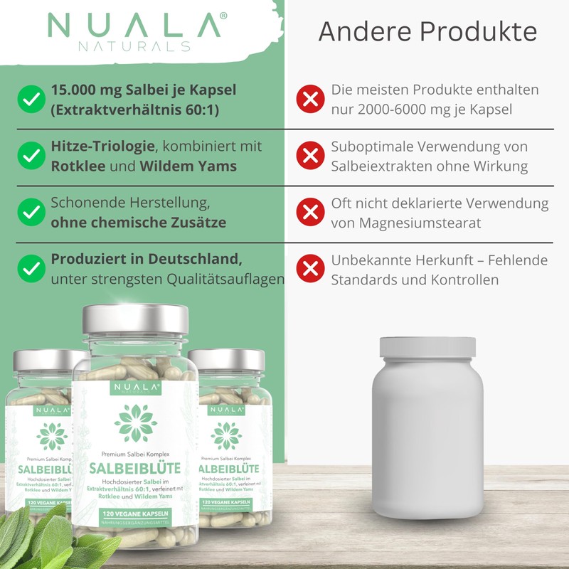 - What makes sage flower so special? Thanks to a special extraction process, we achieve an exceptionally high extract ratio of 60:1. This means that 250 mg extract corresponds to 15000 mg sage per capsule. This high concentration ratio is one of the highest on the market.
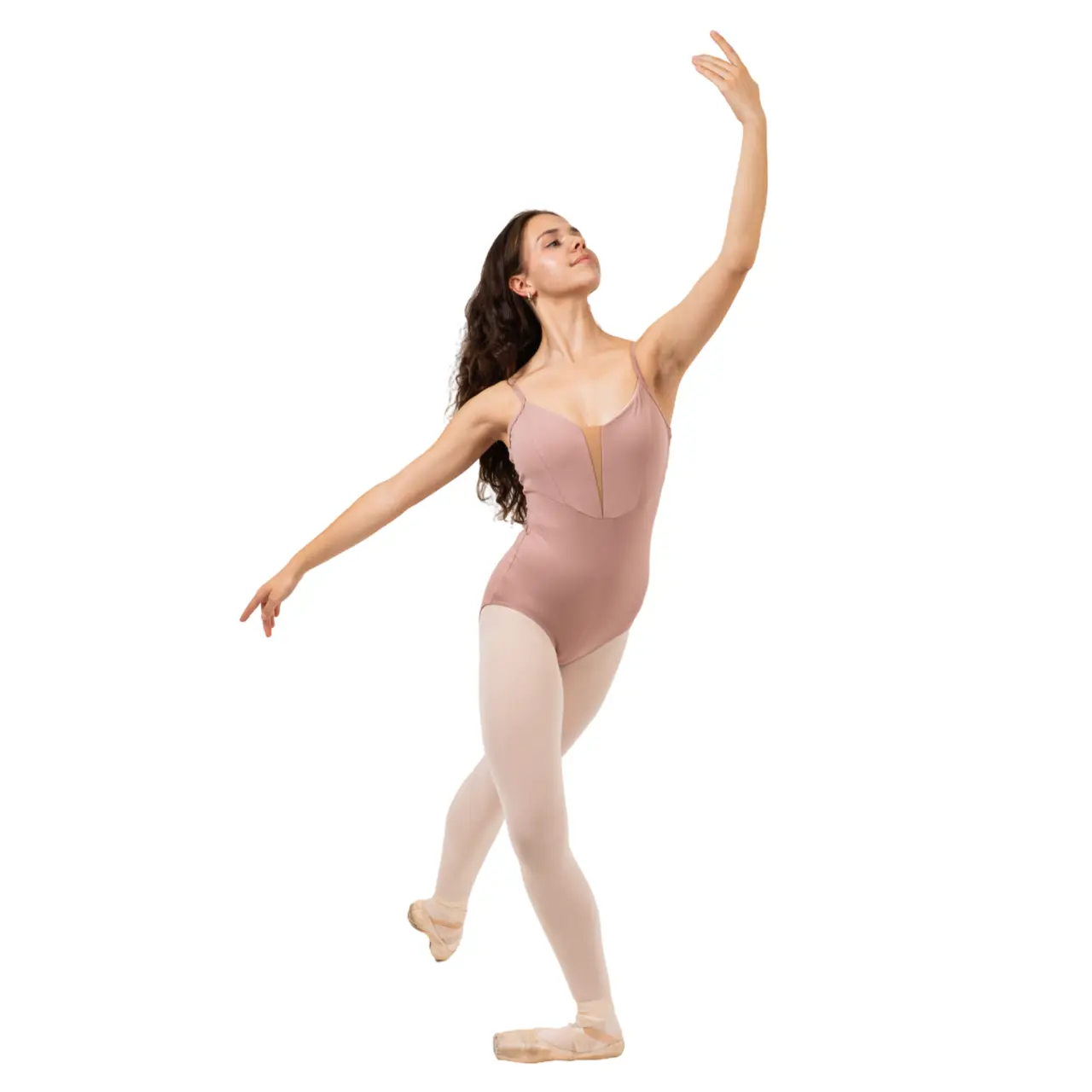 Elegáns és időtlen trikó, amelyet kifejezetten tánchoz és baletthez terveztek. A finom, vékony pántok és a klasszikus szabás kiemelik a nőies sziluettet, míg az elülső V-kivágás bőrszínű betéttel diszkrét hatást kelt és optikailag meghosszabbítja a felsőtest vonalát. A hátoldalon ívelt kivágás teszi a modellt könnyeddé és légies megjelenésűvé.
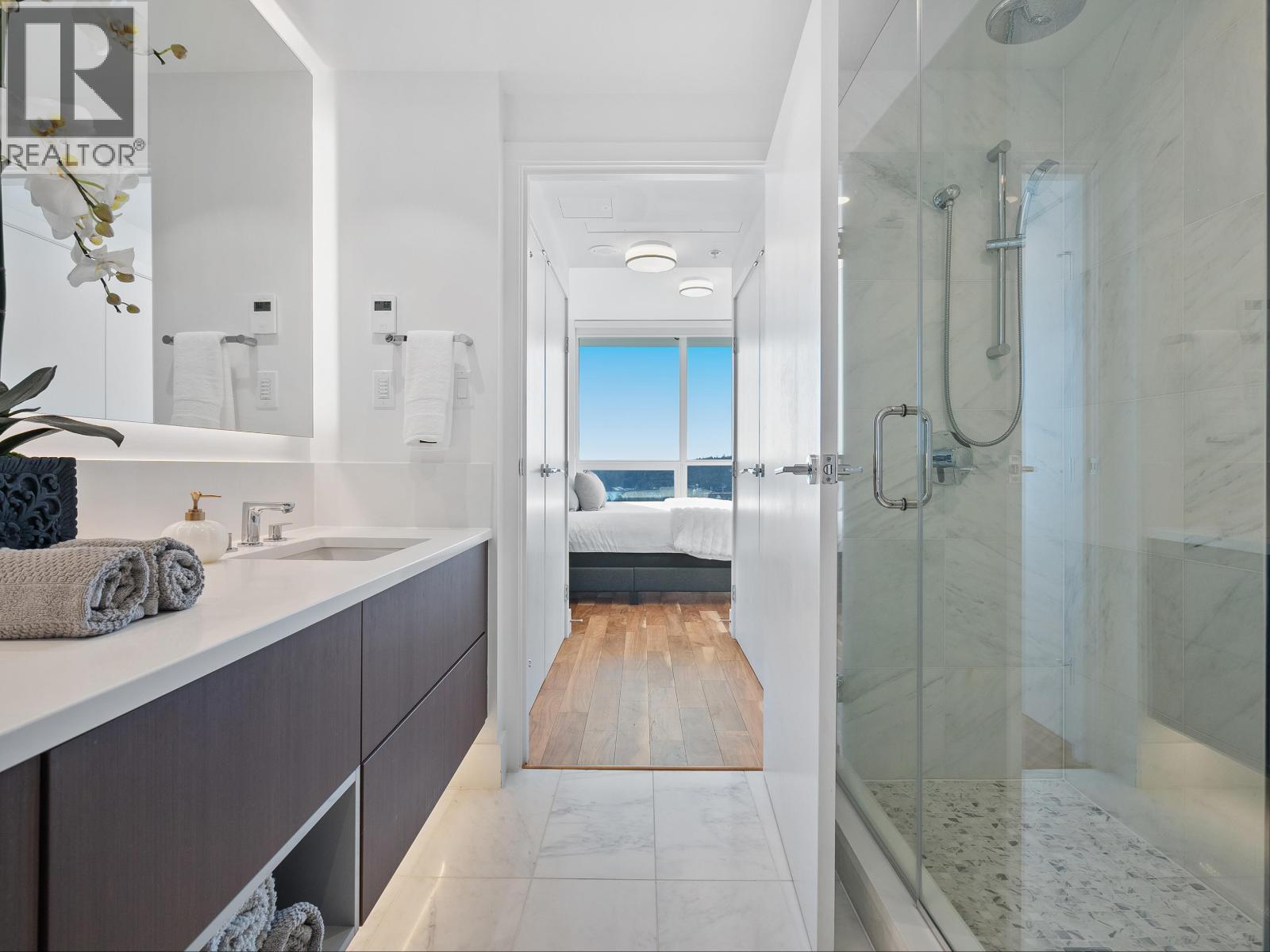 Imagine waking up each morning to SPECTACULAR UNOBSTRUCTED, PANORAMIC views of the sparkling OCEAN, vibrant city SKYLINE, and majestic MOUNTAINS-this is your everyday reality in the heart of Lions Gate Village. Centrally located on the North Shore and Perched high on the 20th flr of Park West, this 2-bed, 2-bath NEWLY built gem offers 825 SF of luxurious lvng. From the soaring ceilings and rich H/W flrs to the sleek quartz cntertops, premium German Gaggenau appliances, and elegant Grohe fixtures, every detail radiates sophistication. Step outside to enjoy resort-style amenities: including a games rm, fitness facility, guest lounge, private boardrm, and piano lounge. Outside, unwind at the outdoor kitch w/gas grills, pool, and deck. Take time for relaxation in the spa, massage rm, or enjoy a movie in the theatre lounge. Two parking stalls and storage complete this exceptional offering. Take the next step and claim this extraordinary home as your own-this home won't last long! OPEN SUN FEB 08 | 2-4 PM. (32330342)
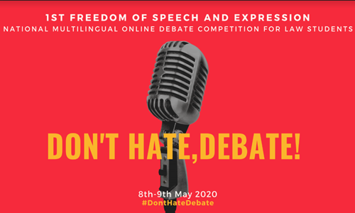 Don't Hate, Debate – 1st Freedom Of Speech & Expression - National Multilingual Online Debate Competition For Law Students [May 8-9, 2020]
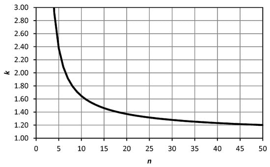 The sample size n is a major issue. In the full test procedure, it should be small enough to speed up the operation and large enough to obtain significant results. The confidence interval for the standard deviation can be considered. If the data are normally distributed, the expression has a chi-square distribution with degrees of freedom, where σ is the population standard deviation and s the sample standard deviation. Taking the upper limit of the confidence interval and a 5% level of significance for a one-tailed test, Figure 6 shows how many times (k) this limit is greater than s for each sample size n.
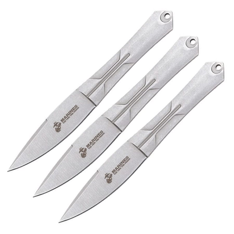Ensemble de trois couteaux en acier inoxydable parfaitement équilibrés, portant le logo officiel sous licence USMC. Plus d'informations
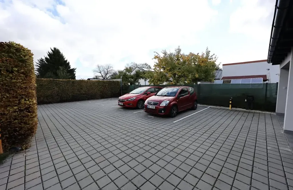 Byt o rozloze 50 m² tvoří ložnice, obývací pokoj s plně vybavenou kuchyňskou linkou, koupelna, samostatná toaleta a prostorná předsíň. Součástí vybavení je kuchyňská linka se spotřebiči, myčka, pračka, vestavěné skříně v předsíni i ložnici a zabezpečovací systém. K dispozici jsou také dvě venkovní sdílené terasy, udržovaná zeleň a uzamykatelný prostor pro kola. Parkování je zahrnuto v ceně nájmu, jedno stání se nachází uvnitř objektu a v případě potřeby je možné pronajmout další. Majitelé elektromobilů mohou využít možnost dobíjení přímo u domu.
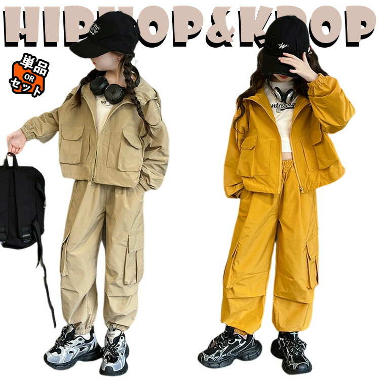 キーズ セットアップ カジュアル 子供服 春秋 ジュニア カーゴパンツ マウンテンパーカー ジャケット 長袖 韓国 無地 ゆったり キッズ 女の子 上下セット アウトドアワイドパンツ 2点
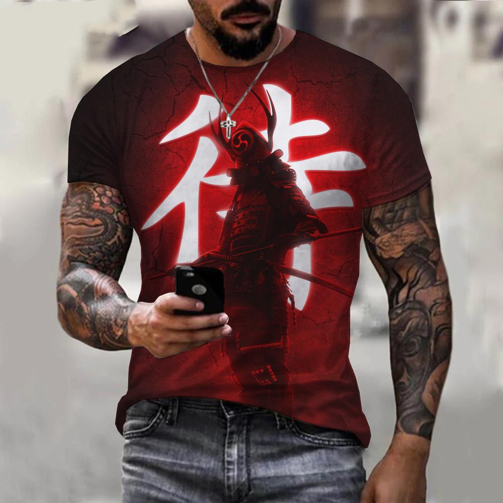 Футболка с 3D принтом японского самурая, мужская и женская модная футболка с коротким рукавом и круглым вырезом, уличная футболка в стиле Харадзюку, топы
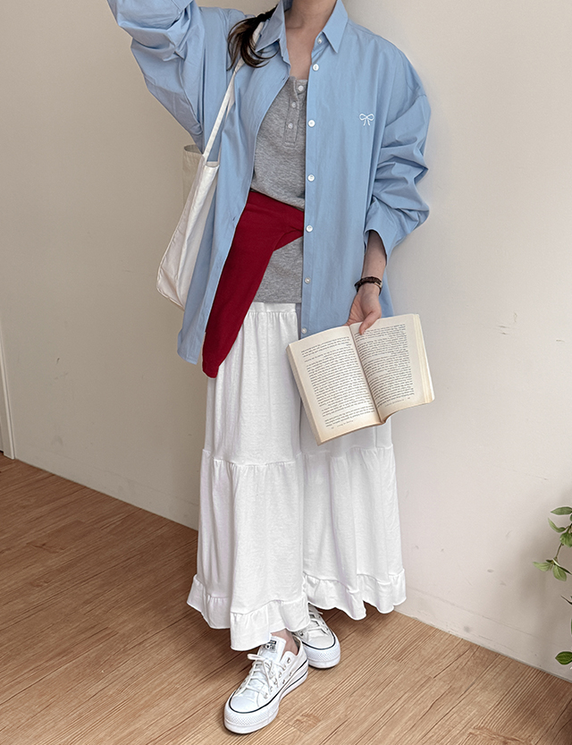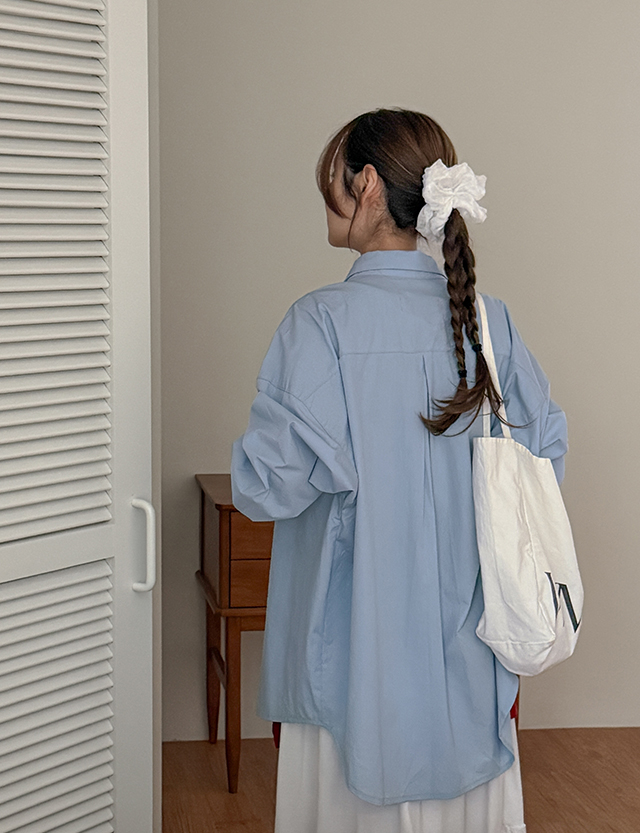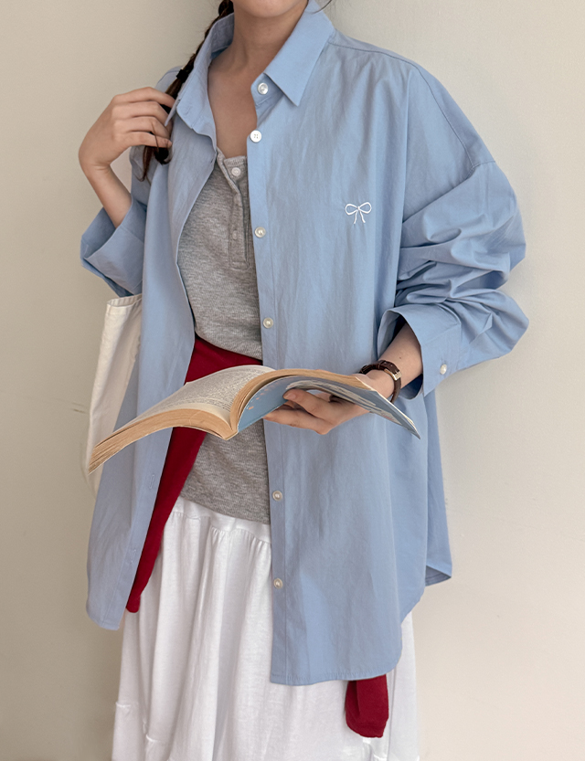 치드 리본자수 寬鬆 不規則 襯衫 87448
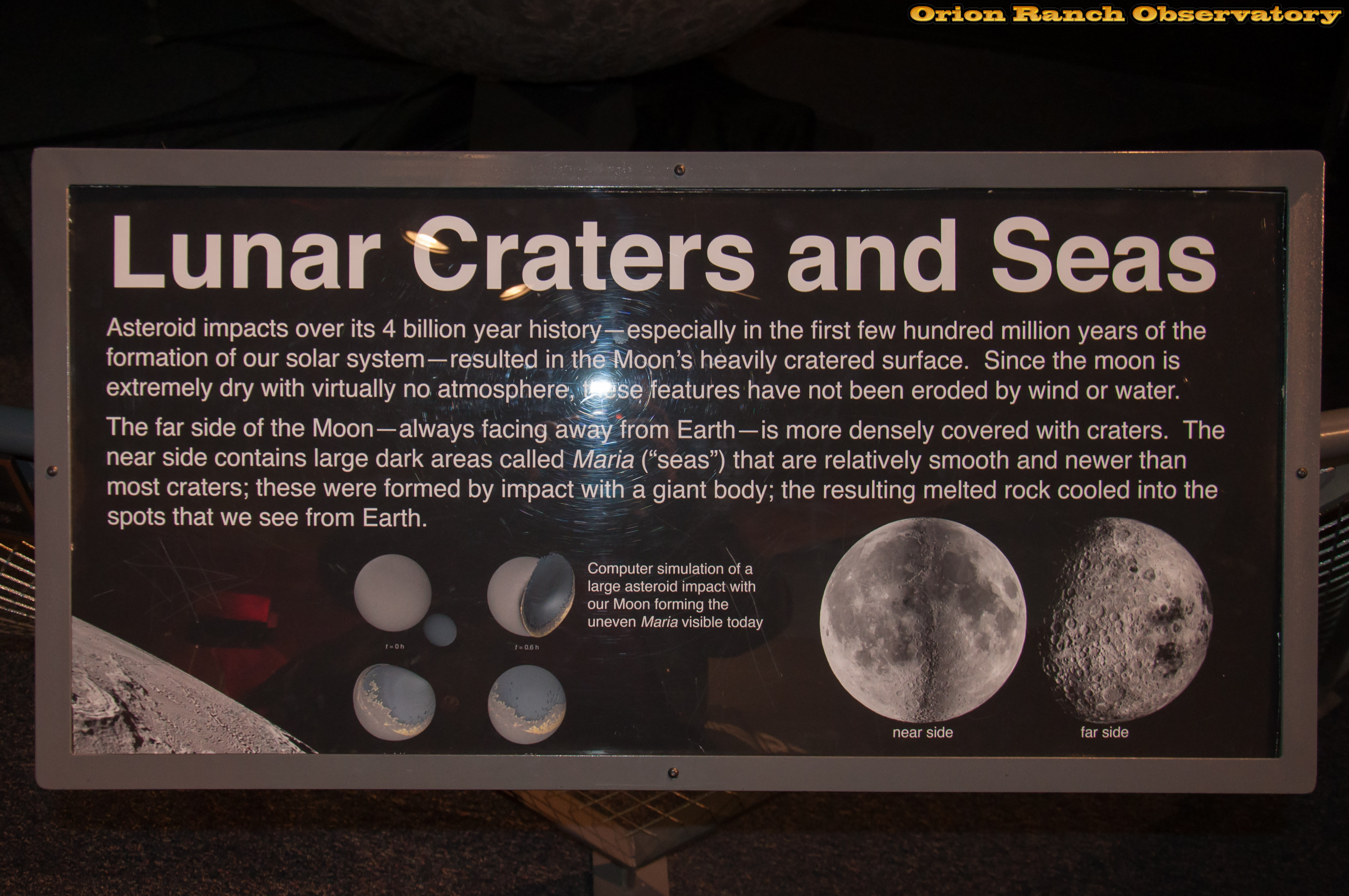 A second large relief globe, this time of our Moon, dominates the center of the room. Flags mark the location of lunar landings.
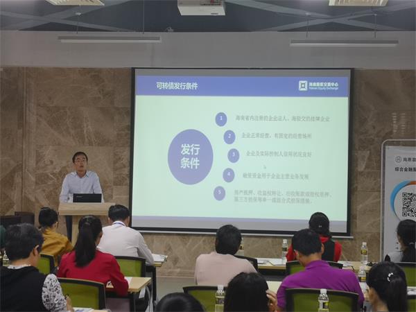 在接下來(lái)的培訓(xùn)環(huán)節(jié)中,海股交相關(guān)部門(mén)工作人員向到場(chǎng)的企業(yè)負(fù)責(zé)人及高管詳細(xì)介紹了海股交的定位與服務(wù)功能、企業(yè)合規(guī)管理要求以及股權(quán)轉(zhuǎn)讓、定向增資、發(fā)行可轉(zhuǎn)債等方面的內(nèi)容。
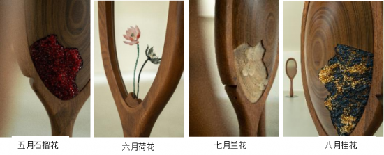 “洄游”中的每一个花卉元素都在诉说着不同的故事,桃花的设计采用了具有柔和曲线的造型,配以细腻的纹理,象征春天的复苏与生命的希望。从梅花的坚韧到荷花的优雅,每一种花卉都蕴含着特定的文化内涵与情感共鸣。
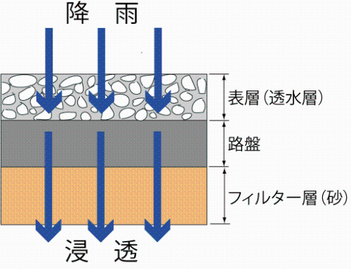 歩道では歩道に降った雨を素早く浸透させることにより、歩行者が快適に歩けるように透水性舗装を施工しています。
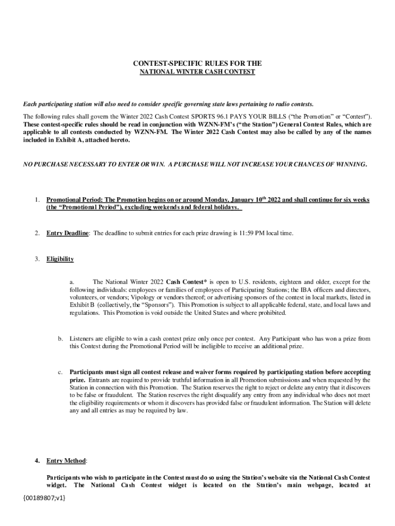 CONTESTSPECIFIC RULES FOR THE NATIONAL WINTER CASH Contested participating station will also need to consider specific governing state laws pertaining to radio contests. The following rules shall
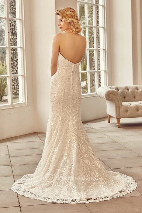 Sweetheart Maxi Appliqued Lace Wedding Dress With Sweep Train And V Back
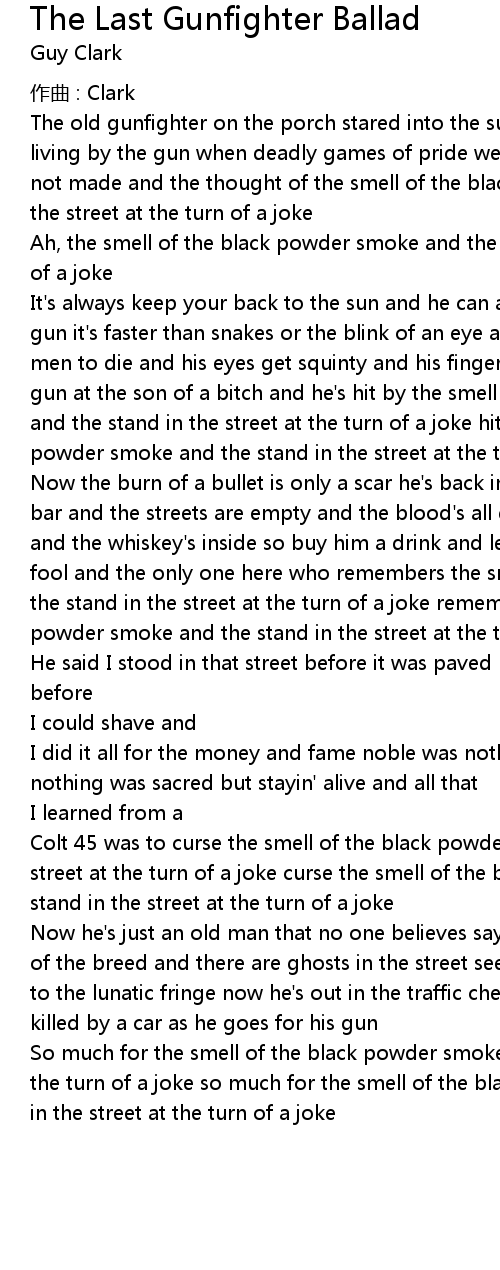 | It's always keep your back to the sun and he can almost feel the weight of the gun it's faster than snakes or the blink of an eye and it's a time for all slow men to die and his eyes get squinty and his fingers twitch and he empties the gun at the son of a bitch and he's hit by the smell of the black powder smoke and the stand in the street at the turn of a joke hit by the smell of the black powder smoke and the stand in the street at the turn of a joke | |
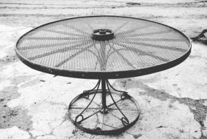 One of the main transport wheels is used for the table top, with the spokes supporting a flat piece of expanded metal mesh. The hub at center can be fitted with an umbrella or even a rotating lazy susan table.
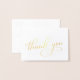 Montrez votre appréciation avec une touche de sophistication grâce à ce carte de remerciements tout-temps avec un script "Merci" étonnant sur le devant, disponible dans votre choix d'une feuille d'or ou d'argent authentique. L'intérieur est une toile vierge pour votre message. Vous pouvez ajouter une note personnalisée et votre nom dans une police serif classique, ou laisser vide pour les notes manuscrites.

++++++++

EXERCISE DESCRIPTION — Copy the lines above exactly, starting at the one with "A second large" and ending at the one with "在接下來(lái)的培訓(x", both included. Leave out any pictures and add nothing else.

ANSWER TO THIS EXERCISE —
 A second large relief globe, this time of our Moon, dominates the center of the room. Flags mark the location of lunar landings.
 在接下來(lái)的培訓(xùn)環(huán)節(jié)中,海股交相關(guān)部門(mén)工作人員向到場(chǎng)的企業(yè)負(fù)責(zé)人及高管詳細(xì)介紹了海股交的定位與服務(wù)功能、企業(yè)合規(guī)管理要求以及股權(quán)轉(zhuǎn)讓、定向增資、發(fā)行可轉(zhuǎn)債等方面的內(nèi)容。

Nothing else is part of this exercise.